COVID-19 relief bills: What it means for school calendars

House Speaker Tim Moore speaks as Gov. Roy Cooper looks on during a briefing on North Carolina's coronavirus pandemic response Monday, May 4, 2020 at the NC Emergency Operations Center in Raleigh. (Travis Long/The News & Observer via AP)

RALEIGH — Inside the 70-page COVID-19 relief bill passed by the Senate and signed into law by Governor Roy Cooper are significant education policy fixes and changes, one of which includes temporary calendar adjustments.

According to Senate Bill 704, remote instruction can be used to satisfy the statutory instructional time requirement set by the state for the remainder of the 2019-2020 school year. Additionally, attendance requirements and related enforcement measures have been waived from March 16 through the end of the current academic year.

The bill instructs public schools to develop Remote Instruction Plans (RIP) for the upcoming 2020-2021 school year.

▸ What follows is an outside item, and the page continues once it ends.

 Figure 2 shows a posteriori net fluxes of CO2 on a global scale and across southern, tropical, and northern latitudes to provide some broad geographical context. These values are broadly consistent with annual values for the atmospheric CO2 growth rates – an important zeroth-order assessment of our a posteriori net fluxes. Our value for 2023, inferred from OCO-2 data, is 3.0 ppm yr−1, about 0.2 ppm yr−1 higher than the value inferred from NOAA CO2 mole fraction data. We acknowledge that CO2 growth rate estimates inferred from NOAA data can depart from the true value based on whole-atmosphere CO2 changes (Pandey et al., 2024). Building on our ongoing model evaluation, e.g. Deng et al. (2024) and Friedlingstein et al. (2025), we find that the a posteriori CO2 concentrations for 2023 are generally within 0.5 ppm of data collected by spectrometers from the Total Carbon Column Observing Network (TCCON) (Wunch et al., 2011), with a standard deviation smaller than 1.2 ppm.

RIP’s need to include details on how remote learning will be delivered and what training will be offered for primary stakeholders such as teachers, students and parents.

School and district plans need to be submitted to the State Board of Education no later than July 20, 2020.  The State Board of Education will also need to report on the implementation of RIP’s to the Joint Legislative Education Oversight Committee by Sept. 15, 2020.

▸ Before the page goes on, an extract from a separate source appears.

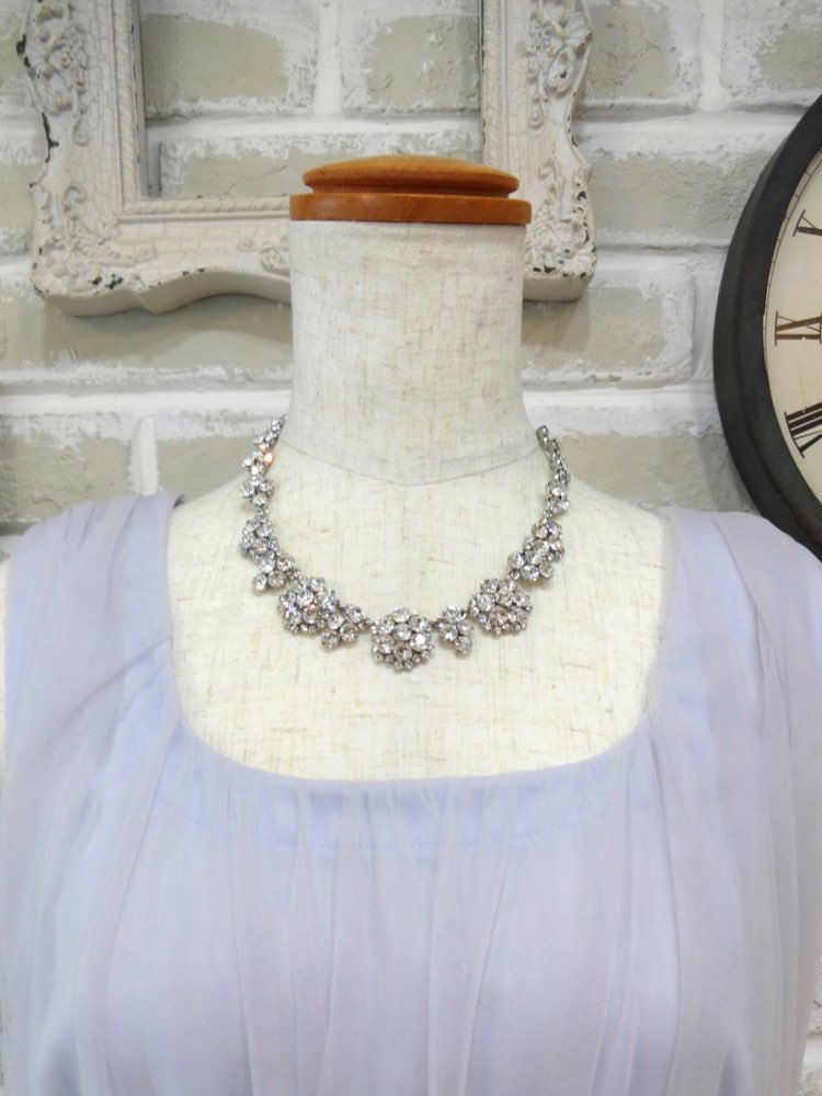 シルバーの小さな粒々ストーンをボール状に配した、ラグジュアリーなシルバービジューネックレスです。ストーンの配置や間に抜きを作り奥行きを出したデザインで、細部まで華やかさにこだわっており新婦様の女性らしさをさらに引き立てます。胸元が大きく開くネックラインのドレスと特に相性が良く、新婦様の挙式や披露宴、1.5次会までのウエディングドレスや、イブニングパーティーでの華やかなドレスなどに合わせて、煌びやかにドレスアップするシーンでお使いいただけます。流行りのナチュラルやヴィンテージな雰囲気のウエディングドレスと合わせると、今どきのファッショナブルなコーディネートに。首周りにボリュームが出るデザインなので、すっきりまとめたヘアスタイルがおすすめです。輝きが欲しい場合、ただ大きいものを選ぶより、このアイテムのように大きくなくても大粒のストーンが入ったものを選ぶのが◎です。

Current state law requires a minimum of 185 days or 1,025 hours of instruction that spans at least nine calendar months.

The calendar will look slightly different for the 2020-21 academic year. Public schools will be required to adopt a calendar that includes 190 days of instruction that is made up of both in-school and remote instruction.

Schools must have 185 days or 1025 hours of instruction that includes 5 remote instruction days as part of the schools’ RIP and an additional 5 instruction days that can only be satisfied by “individually separate and distinct full instruction days.”

In terms of start dates, schools must adopt a student calendar that has an opening date of Aug. 17, 2020, and a closing date for no later than June 11, 2021. Remote instruction days cannot be scheduled prior to August 24 but may be scheduled for use as teacher workdays.

These start and end dates in the bill do not apply to calendars for defined year-round or modified schools. It’s still unclear how those calendar types will align themselves.

Several districts in the state have year-round or are sometimes called “track” calendar schools. North State Journal reached out earlier this month to Wake County Schools about adjustments to its track calendar system.

“The effects on year-round calendar schools will depend, of course, on the health guidelines in late June and early July,” Tim Simmons, the Wake County Schools chief of communications told North State Journal.

“While Wake has the largest number of year-round calendar schools, there are others throughout the state. So yes, state leaders are aware. No decisions have been made yet at the state or local levels,” Simmons said.”